Transcribe everything in the listing as written, and let no image into the copy.

Exercise data –
⟨

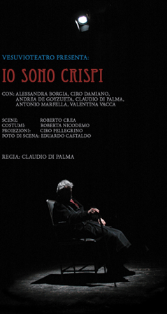 METTERE IN SCENA TEMI E PERSONAGGI DELLA STORIA ITALIANA ATTRAVERSO "DIALOGHI POSSIBILI". LEZIONE DA PORTARE IN PALCOSCENICO. SCOMMESSA DIFFICILE. CI RIESCONO GLI ATTORI DI VESUVIOTEATRO PER IL PROGETTO "STORIE INTERROTTE", AL NUOVO CON “IO SONO CRISPI” DI PAOLO PATUI DA DIALOGHI DI GIUSEPPE ASTUTO E RAFFAELE ROMANELLI. COMPLESSO PERCORSO CHE CLAUDIO DI PALMA, REGISTA, E ANCHE PROTAGONISTA PER UN FRANCESCO CRISPI D’ASCETICA CONTENUTEZZA, COMPIE IN RAPIDO GIOCO DI MEMORIA, RICORRENDO A POSSIBILI SUGGESTIONI E INVENZIONI DI DRAMMATURGIA. CON LUI IN BELLA SQUADRA ALESSANDRA BORGIA, CIRO DAMIANO, ANDREA DE GOYZUETA, ANTONIO MARFELLA E VALENTINA VACCA. PREZIOSE ATMOSFERE RAREFATTE SUGGERITE ANCHE DALLA SCENOGRAFIA DI ROBERTO CREA DALLE PROIEZIONI DI CIRO PELLEGRINO E DAI COSTUMI DI ROBERTA NICODEMO. CERCANDO DI SFUGGIRE ALLE SECCHE DEL DIDASCALISMO IN AGGUATO. SPETTACOLO COMPIUTAMENTE "UTILE" E VOGLIA DI "RILETTURA" E/O "RIFLESSIONE" NON SOLTANTO NEGLI SPETTATORI PIÙ GIOVANI. (GIULIO BAFFI DE LA REPUBBLICA) - L' UFFICIO STAMPA A CURA DI DOMENICO DONATO
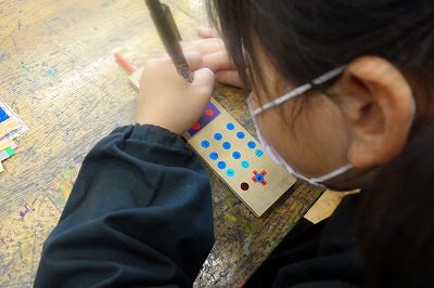 「カラフルなのもいいけど,決まった色でつくると落ち着いた感じになる。」など,友達の作品を見て自分の見方や感じ方を広げることができました。
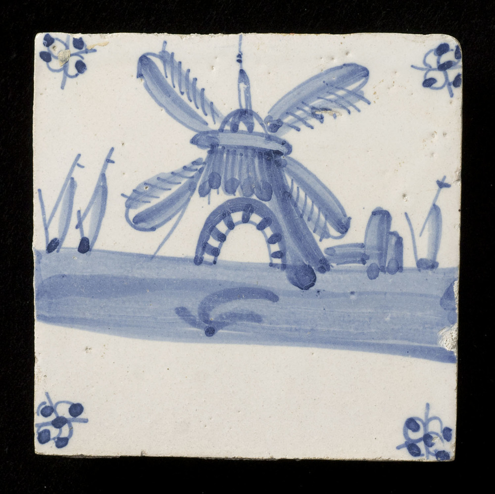 tegel van aardewerk met tinglazuur, voorstellende: h...
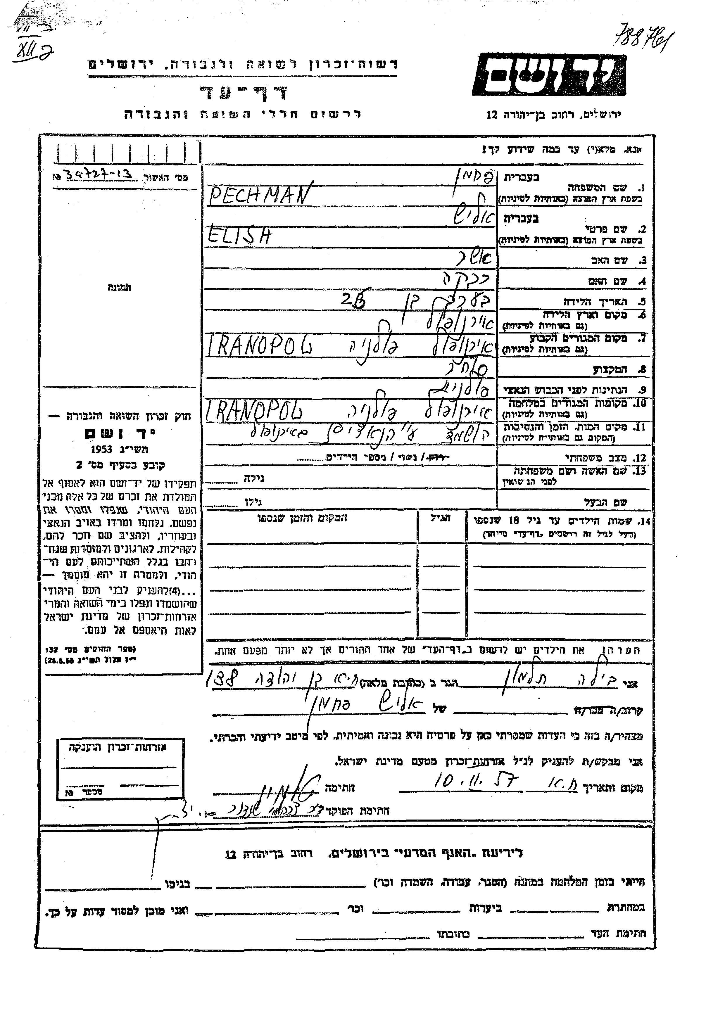 Elish Pechman nació en Tarnopol, Polonia, hijo de Asher y Rivka. Era Comereciante y Casado. Antes de la segunda guerra mundial vivía en Tarnopol, Polonia. Durante la guerra estuvo en Tarnopol, Polonia.

⟩

Solution to this problem –
 METTERE IN SCENA TEMI E PERSONAGGI DELLA STORIA ITALIANA ATTRAVERSO "DIALOGHI POSSIBILI". LEZIONE DA PORTARE IN PALCOSCENICO. SCOMMESSA DIFFICILE. CI RIESCONO GLI ATTORI DI VESUVIOTEATRO PER IL PROGETTO "STORIE INTERROTTE", AL NUOVO CON “IO SONO CRISPI” DI PAOLO PATUI DA DIALOGHI DI GIUSEPPE ASTUTO E RAFFAELE ROMANELLI. COMPLESSO PERCORSO CHE CLAUDIO DI PALMA, REGISTA, E ANCHE PROTAGONISTA PER UN FRANCESCO CRISPI D’ASCETICA CONTENUTEZZA, COMPIE IN RAPIDO GIOCO DI MEMORIA, RICORRENDO A POSSIBILI SUGGESTIONI E INVENZIONI DI DRAMMATURGIA. CON LUI IN BELLA SQUADRA ALESSANDRA BORGIA, CIRO DAMIANO, ANDREA DE GOYZUETA, ANTONIO MARFELLA E VALENTINA VACCA. PREZIOSE ATMOSFERE RAREFATTE SUGGERITE ANCHE DALLA SCENOGRAFIA DI ROBERTO CREA DALLE PROIEZIONI DI CIRO PELLEGRINO E DAI COSTUMI DI ROBERTA NICODEMO. CERCANDO DI SFUGGIRE ALLE SECCHE DEL DIDASCALISMO IN AGGUATO. SPETTACOLO COMPIUTAMENTE "UTILE" E VOGLIA DI "RILETTURA" E/O "RIFLESSIONE" NON SOLTANTO NEGLI SPETTATORI PIÙ GIOVANI. (GIULIO BAFFI DE LA REPUBBLICA) - L' UFFICIO STAMPA A CURA DI DOMENICO DONATO
 「カラフルなのもいいけど,決まった色でつくると落ち着いた感じになる。」など,友達の作品を見て自分の見方や感じ方を広げることができました。
 tegel van aardewerk met tinglazuur, voorstellende: h...
 Elish Pechman nació en Tarnopol, Polonia, hijo de Asher y Rivka. Era Comereciante y Casado. Antes de la segunda guerra mundial vivía en Tarnopol, Polonia. Durante la guerra estuvo en Tarnopol, Polonia.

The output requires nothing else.